開業すると初月から家賃・光熱費・水道費・人件費・リース代・返済・雑費・その他費用等が掛かりますが、診療報酬が入金されるのは開業約2ヵ月後となりますので、一時的に無収入に近い状況がありますし、開業後数ヵ月赤字が続く可能性もあります。また、先生の個人支出(生活費・子供の学費・予期せぬ出費等)を考慮し、先生の収入を十分に確保することも重要ですので、余裕を持った運転資金を用意する必要があります。

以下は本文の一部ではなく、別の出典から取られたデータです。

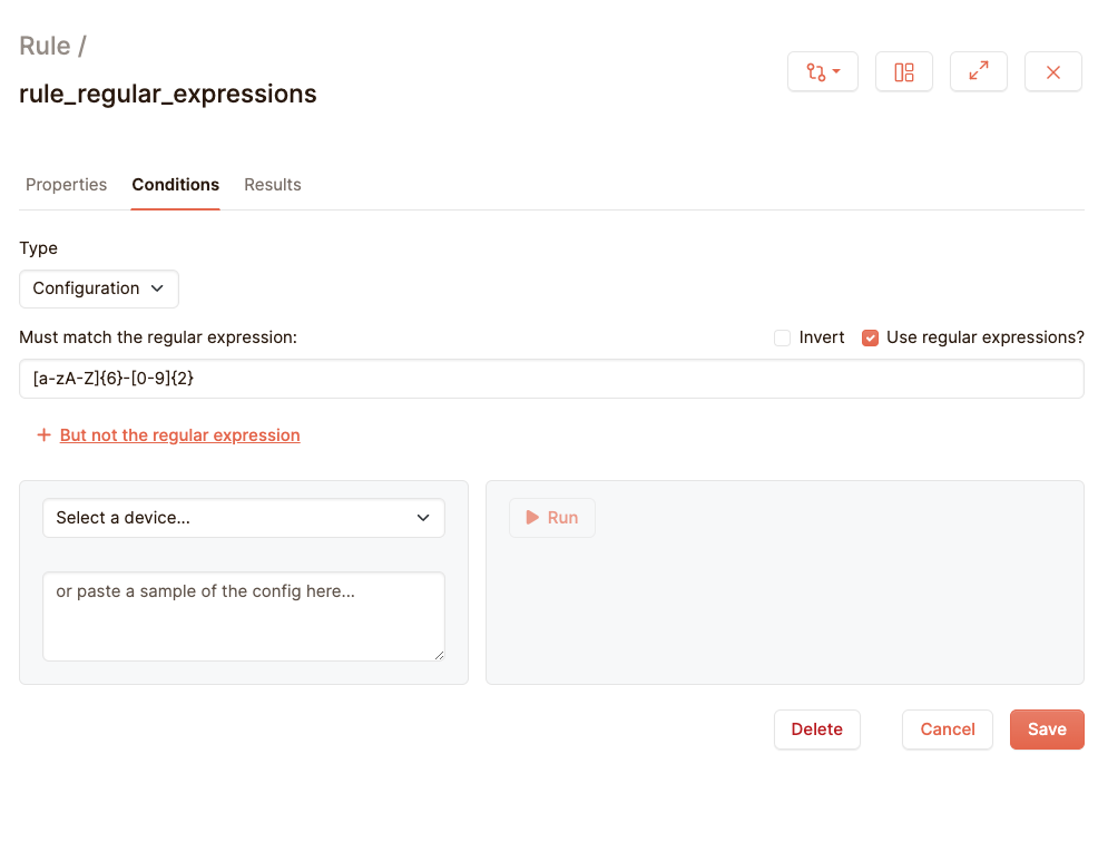 Suppose that you require all your devices to have hostnames that follow a same pattern. For example, they should first have six letters, followed by a dash and then followed by two numbers, and you want to validate that the hostname defined within your configuration follows these constraints. For this you can use the regular expressions option:

初期投資(土地・建物・テナントに関する費用・内装工事費用・医療機器・備品等)に関しても、ある程度の余裕を持たせた計画が必要です。
最後に、それらをバランスよく行えるかどうかを確認するため、シミュレーションを行います。
収支シミュレーション
先生のライフスタイルをお聞かせいただき、見込み患者数・診療報酬単価、建築・土地費用(テナントの場合家賃)、医療機器費用、人件費等を考慮し、必要な開業資金等も基にした収入予測・資金繰り計画を算出し、各費用の具体的な見積もり・見逃しやすいポイント・将来的な発展までのプランをコンサルタントさせていただくことで、予測と現実のギャップに先生が頭を悩ます可能性を抑えていきたいと思います。
支出は計画から大きく外れることはありませんが、
収入のあてが外れることは、たびたび発生します。
厳しめに設定するか、初めから、計画通りの患者さんが来院してくれないことを想定するなどして、
借り入れには、初期費用だけではなく運転資金も含めるなど、現実的な事業計画を立てることが大切です。